§ Task instructions: Everything from the first line of the material to the line containing "Die geprüften Heizkörper", inclusive, must be given again exactly; no pictures, and nothing past that line.

Segment Start: Entries provided

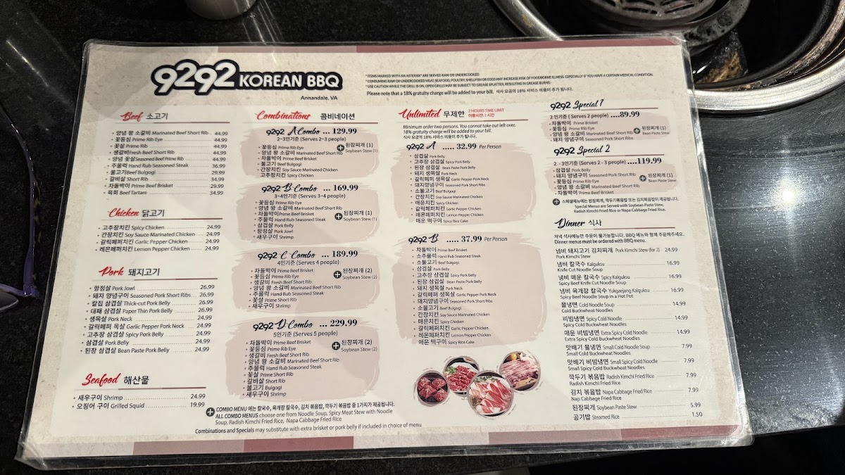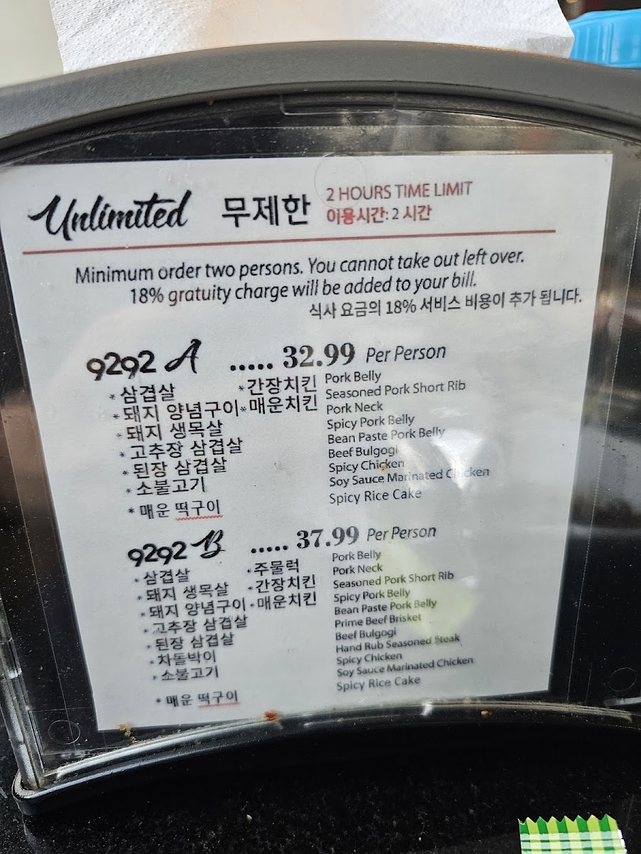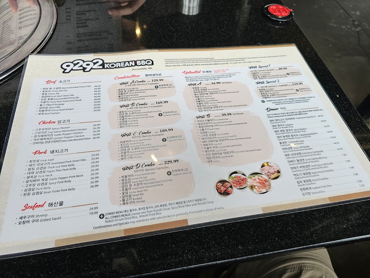 9292 Korean BBQ Menu
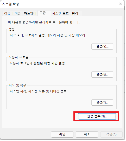 자 이제 환경변수만 등록해 주면 됩니다. 환경변수 창으로 들어가서,
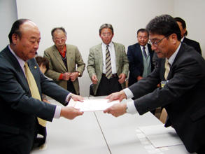 [ 三重県教育委員会に殷鐘秀団長(左)が要望書を伝達(14日) ]
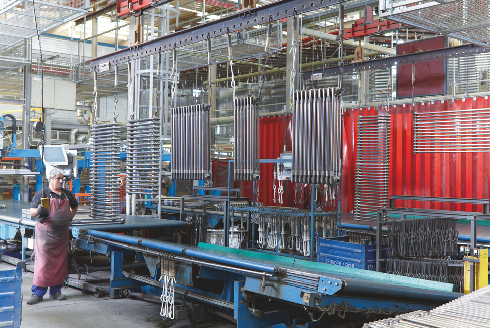 Die geprüften Heizkörper werden nun zur Reinigungsvorbereitung an dem sogenannten Power-and-Free-System aufgehängt. Dieses System besteht aus sechs Kettenkreisen mit ca. 2,5 km Länge. Der Heizkörper bleibt nun bis zur Verpackung an diesem Kettensystem aufgehängt.
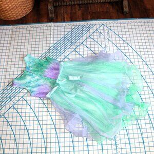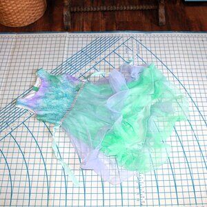 Skirt has 2 layers of mesh with curled hems - long aqua layer and short lavender layer
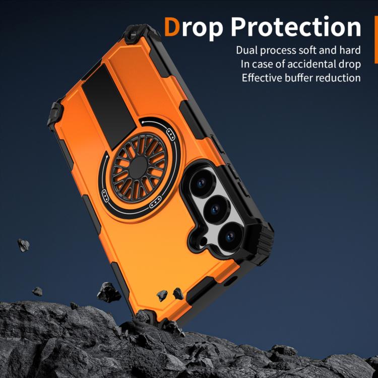 Funda MagSafe para Samsung Galaxy S24+ 5G con soporte metálico y protección contra golpes (naranja)
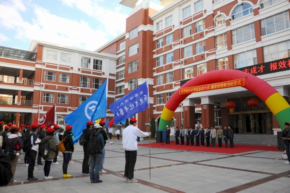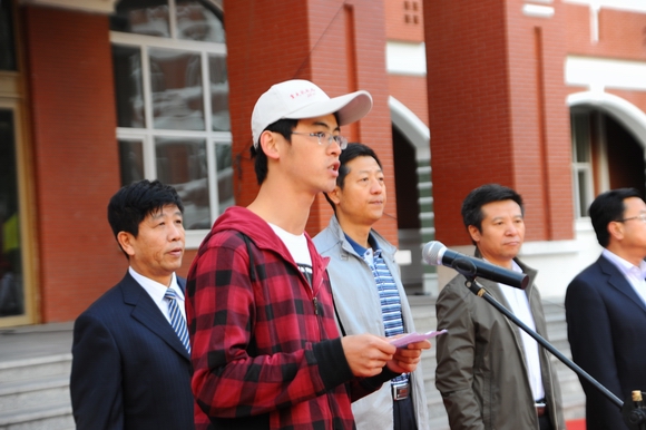 在出征仪式上,欧冠文学与历史文化学院2011级历史系研究生刘贺代表参加“重走抗战路”主题活动的全体学生在启动仪式上发言,表达了“永远跟党走、永铸民族魂”的坚强决心,发出了当代大学生弘扬抗战精神、勇担时代重任的铿锵誓言。
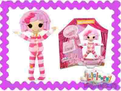 Śpiewające i tańczące Laleczki z serii Mini Lalaloopsy Silly Singers. Laleczki śpiewają dwie piosenki. Przyciskając co chwilę przycisk na brzuchu śpiewają jedną piosenkę, a po przyciśnięciu przycisku z tyłu głowy drugą. Śpiewając tańczą machając nóżkami, rączkami i poruszają głową. Lalki na baterie 3x1,5V - LR44 (załączono w zestawie). Wysokość lalki: 13cm.

Segment End: Entries provided

§ Solution:
 9292 Korean BBQ Menu
 자 이제 환경변수만 등록해 주면 됩니다. 환경변수 창으로 들어가서,
 [ 三重県教育委員会に殷鐘秀団長(左)が要望書を伝達(14日) ]
 Die geprüften Heizkörper werden nun zur Reinigungsvorbereitung an dem sogenannten Power-and-Free-System aufgehängt. Dieses System besteht aus sechs Kettenkreisen mit ca. 2,5 km Länge. Der Heizkörper bleibt nun bis zur Verpackung an diesem Kettensystem aufgehängt.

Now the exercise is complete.